Re: Re: On ownership.....

Unregistered said:


Yeah? and you're all alone now, why? Maybe you're not all that and the bag of chips you think you are. Ever think of that?

Begone, Satan, you have no power here!

Eb
 
Re: Well,

Ebonyfire said:
I have part-times subs and neither one is collared. Whether that will changed in the future, only time will tell.

However, I know that sissyboy feels be "belongs" to Me. His life is open to my scrutiny, I have the right to ask him anything and everything, and he must answer truthfully.

Eb

Ah ha here at last!

Eb...I think You may agree with Me here...it does not take a collar to confirm ownership..simply taking the responsibility and having the desire on both sides of the whip can be a strong enough concept to feel owned by the submissive and feel ownership by the Dominant?
 
Re: Re: Well,

Shadowsdream said:


Ah ha here at last!

Eb...I think You may agree with Me here...it does not take a collar to confirm ownership..simply taking the responsibility and having the desire on both sides of the whip can be a strong enough concept to feel owned by the submissive and feel ownership by the Dominant?

I often wondered about that, but I have to say that you are correct. I have taken the responsibility for his growth and nurturing in this lifestyle. It may be a bond that is never broken. We have talked about the fact that if he never marries or finds a 24/7 who he can give his entire life to, I would always be there for him.

As for bitchboy, it is early days yet.

I also have another sub that I have been training for a longtime, who feels I own him. But that is another (epic) story.

Eb
 
Re: Re: Re: Well,

Ebonyfire said:


I often wondered about that, but I have to say that you are correct. I have taken the responsibility for his growth and nurturing in this lifestyle. It may be a bond that is never broken. We have talked about the fact that if he never marries or finds a 24/7 who he can give his entire life to, I would always be there for him.

As for bitchboy, it is early days yet.

I also have another sub that I have been training for a longtime, who feels I own him. But that is another (epic) story.

Eb

A simple word with complex dimensions
 
I am not a slave. I have a problem with that word in context to me only. I have talked to slaves and find the prospect of having a slave exciting.

But when I read your words, Shadowsdream, I thought about my heart. If Himself owns my heart, then he owns me. My heart does indeed belong to him.

So there is a dichotomy... I reject the word slave for myself, but call Himself "Master".
 
cellis said:
I am not a slave. I have a problem with that word in context to me only. I have talked to slaves and find the prospect of having a slave exciting.

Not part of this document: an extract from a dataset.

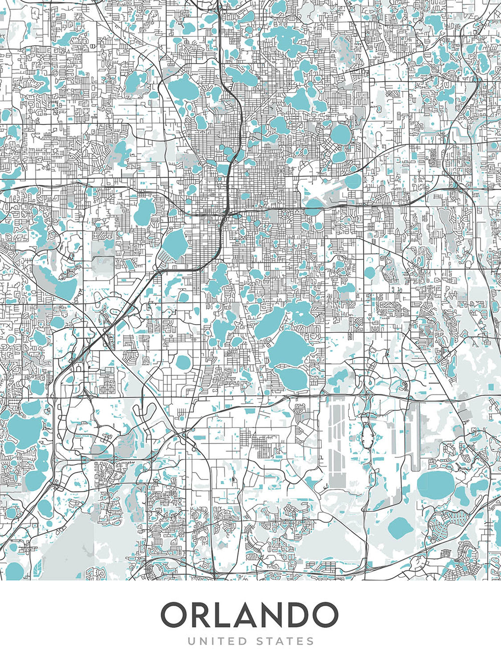 The map features a modern, detailed street map without labels, allowing you to easily navigate the city and discover new places to explore. The map also includes major roads and highways, as well as landmarks such as Lake Eola Park, the Orlando Museum of Art, and the Mennello Museum of American Art. This map is perfect for anyone who wants a stylish and informative way to explore the city of Orlando.

But when I read your words, Shadowsdream, I thought about my heart. If Himself owns my heart, then he owns me. My heart does indeed belong to him.

So there is a dichotomy... I reject the word slave for myself, but call Himself "Master".



cellis, Robuck refuses to use the word 'slave' too. I suppose it is the bad conotations that that word usually conjures.

So, I am not His 'slave' but ... I am certainly 'owned' by Him - and am happy to be so. (And I call him Master!)